The Navigating Fox by Christopher Rowe (book review).
Quintis is the only navigating fox. The only known ‘knowledgeable’ fox in existence. Alchemists have raised many animals to sentience from baboons to parrots but Quintis is alone and has no memory of who or why he was chosen. He also has no idea why he is the only one that can travel the Silver Roads that compress the space and time of a journey.
Only Quintus returned from the last expedition he led. Sixty souls lost and a navigator left in utter disgrace. Now he has been offered a new commission that, if successful, will save his reputation and just maybe provide a clue as to where he came from. All he has to do is lead a team of people who mostly hate him to the doors of Hell so a priest can close them and end death forever. He has his doubts.
I blame ‘Guardians Of The Galaxy,’ but I read ‘talking raccoon’ and I immediately geared up for some zany, perhaps even some kooky, definitely some hi-jinx if not downright shenanigans. Instead, I got bizarre in the ‘I have some questions’ sort of way. How were the people selected for this quest and why? Straight from the text it appears that they, except for Quintus, we’re just the last people to leave after a meeting and, bam, they are the lucky chosen few.
More than how, why do they go? It’s like I stood up in a cafe and said we’re all off to go get coffee beans from the source which is on the banks of the Styx and have everyone say, ‘Okay, let’s go.’ So Quintus is taking a bison ambassador, two raccoon cartographers, a Machiavellian priest and a woman looking for revenge. Presumably, there are reasons and perhaps those will be explored in any further stories with ‘The Navigating Fox’ solely focusing on Quintus’ journey but it does feel a little odd.
While the focus is on Quintus, it’s the broader world that took me through the book. Rowe has managed to create a world that engaged me in its very self-contained story in less than 200 pages. It felt rather steampunk Victoriana to me and scattered beautifully throughout the story were practical considerations about a society that contains sentient animals who regularly don’t have hands or pockets but still need to take a train. Hints of the broader world bring in elements of colonialism and imperial dominance without being heavy-handed. A nice change from fantasy writers taking a thousand pages to get a character up a hill as happens in the late Robert Jordan’s ‘Wheel Of Time.

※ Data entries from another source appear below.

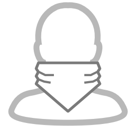
✗ Neck gaiters or buffs
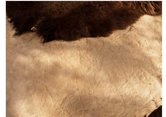
Cé dó'ha (Bison hide)
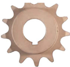
MACHINED GEAR 4.6" diameter x 1.5" bore MT/PT #P010 VT #P210
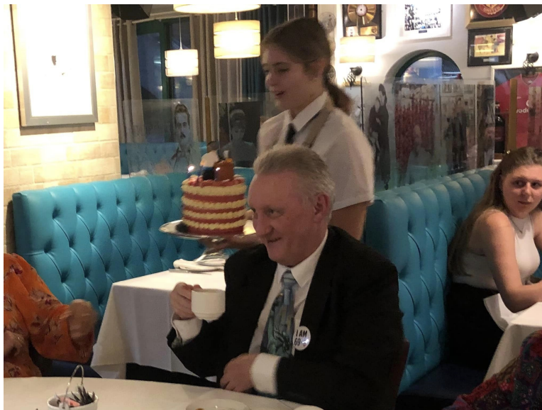
After dinner a birthday cake appeared at the table.
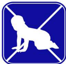
Not a baby wipe Not for personal use
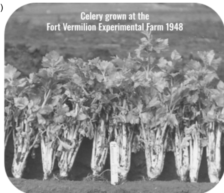
Celery grown at the Fort Vermilion Experimental Farm 1948
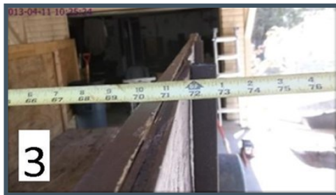
3 Photo showing the WIDTH of the container
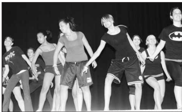
Dance students practiced for months in preparation for their Evening of Dance performance.

"The girls put their heart and souls into this performance," exclaimed Ms. Lyons. "More than 75 girls performed in 16 numbers."
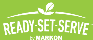
Table-ready fruits & vegetables. Backed by 5-Star.
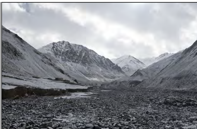
Our first morning in Rumbak Valley, we woke up to a snow-covered landscape.

The next morning we, we woke to see the nearly full moon hovering just above the mountains. It was beautiful. Around breakfast time, our guides heard word that a snow leopard had killed three domestic goats near the town of Matho. Though we didn't have all of the details we decided it was worth a visit to the area, in case the cat was still hanging around. On our way, we spotted a small herd of Ladakh Urials far above us. We stopped for a few photos before continuing on our way. After we arrived at the site of the kill (the owners of the goats had already removed the carcasses), we spent some time scanning the hillside, but didn't see anything. Around lunch time, we slowly made our way back to Leh. As we did, we picked up some new bird species for our trip including Black-throated Thrush and at our lunch stop, three Ibisbills (one juvenile and two adults) - lifers for the entire group. We also saw a number of the lovely White-winged Redstarts in the bushes along the river. Back in Leh, a few of us walked to check out the local market, where we spotted an Eurasian Sparrowhawk flying overhead, before having dinner and enjoying a comfortable evening at our hotel.
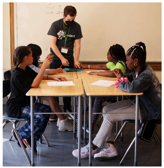
GO Project at St. Luke's
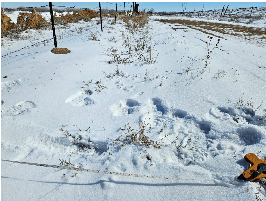
View of the 33' measured offset from WCR 23 \frac{3}{4} and the southern shoreline of Phase 2 / Pond 1
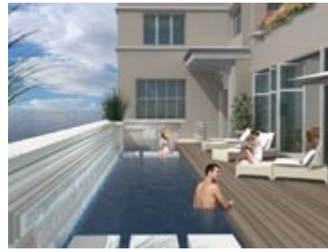
Lap pool /water feature on terrace

‘The Navigating Fox’ has an old world style of prose that reminds me of classic children’s stories like E Nesbit’s ‘The Phoenix And The Carpet’ or Elizabeth Grudge’s ‘The Little White Horse’ but, unlike those older novels, this one is definitely shorter, a novella. If you read my review of Seanan Macguire’s ‘Be Sure’ you’ll know my opinion of novellas as ‘too short to bother with for a fast reader’ but they definitely have their place. In this case, it is a great example of the power of a few words to invoke a great wide world.
Christopher Rowe has been nominated for various awards for his short fiction and, while I didn’t love ‘The Navigating Fox’, I did like it and hope that Rowe is considering a full length novel in the future.
LK Richardson
September 2023
(pub: TOR, 2023. 160 page small enlarged paperback. Price: $18.99 (US). ISBN: 978-1-25080-450-1. Ebook: ISBN 978-1-25080-451-8. Price: $ 4.99 (US).